So I think what you want to do is this:

You will want to write one or more classes that subclasses PseudoClock. I think you'll probably want one class per type of board, but you could in theory create a generic class that is configured by parameters at instantiation (eg, the number of analog outputs could be a parameter of __init__ rather than hard-coded to a class, but that is up to you!)

Your PseudoClock subclass(es) will need to override the generate_code() method. You can see an example in the PineBlaster and PulseBlaster subclasses (the PineBlaster and PulseBlaster are good references for pseudoclock implementations by the way). You'll notice that the first line of the PineBlaster.generate_code() and PulseBlaster.generate_code() methods call Pseudoclock.generate_code()You'll want to do this too. Now the PseudoClock.generate_code() method calls self.generate_clock(). You'll want to override the method called generate_clock() in your subclass(es) to change the default behaviour (do not call PseudoClock.generate_clock() from your generate_code method, calling PseudoClock.generate_code()results in your generate_clock method being called).
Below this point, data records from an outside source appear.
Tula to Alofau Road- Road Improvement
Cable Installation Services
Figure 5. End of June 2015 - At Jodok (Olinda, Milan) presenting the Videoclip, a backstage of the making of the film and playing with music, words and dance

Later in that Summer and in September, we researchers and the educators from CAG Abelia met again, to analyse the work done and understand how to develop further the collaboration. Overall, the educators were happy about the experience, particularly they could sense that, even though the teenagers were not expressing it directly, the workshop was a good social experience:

You will want to copy and paste the code from the PseudoClock.generate_clock() method, into your generate_clock() method, and them modify it slightly. First I'll step you through what the important parts of that code fragment:

def generate_clock(self)
          # These lines are pretty self-explanatory. You shouldn't need to modify them
    outputs = self.get_all_outputs()
    self.do_checks(outputs)
    self.offset_instructions_from_trigger(outputs)
    
    #This returns an array of time points at which at least one of the channels/devices connected to the pseudoclock
    # has requested a state change
    change_times = self.collect_change_times(outputs)
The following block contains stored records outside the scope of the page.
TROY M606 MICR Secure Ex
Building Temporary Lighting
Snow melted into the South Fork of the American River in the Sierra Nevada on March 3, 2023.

    # This now loops over all outputs (including all channels on devices, like NI cards, that are clocked by this pseudoclock)
    # and gets them to effectively generate dummy instructions for all of the change_times that haven't already explicitly had an
    # instruction set
    for output in outputs:
        output.make_timeseries(change_times)
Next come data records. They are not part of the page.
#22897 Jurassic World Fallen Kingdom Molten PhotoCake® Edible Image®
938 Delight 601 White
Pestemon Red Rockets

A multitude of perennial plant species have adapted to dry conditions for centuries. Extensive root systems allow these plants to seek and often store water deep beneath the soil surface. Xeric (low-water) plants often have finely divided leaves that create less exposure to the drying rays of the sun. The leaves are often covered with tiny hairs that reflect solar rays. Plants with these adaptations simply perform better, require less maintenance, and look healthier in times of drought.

    # This method creates two things:
    #    all_times: a list of times....sortof. Each element is either a single time point, 
    #               or a numpy array of time points. This is usually used by each Output instance
    #               to generate output values at the times the clock will tick.
    #    clock: a high level description of the clock, stored as a list of dictionaries. 
    #           The dictionaries have information like the start time of this clock instruction
    #           the temporal step size, and the number of ticks at this step size
    #           So each dictionary can represent multiple clock ticks at a given rate.
    all_times, clock = self.expand_change_times(change_times, outputs)
    
    # This tells the Output instances to generate the output values for the times the clock will tick at
    for output in outputs:
        output.expand_timeseries(all_times)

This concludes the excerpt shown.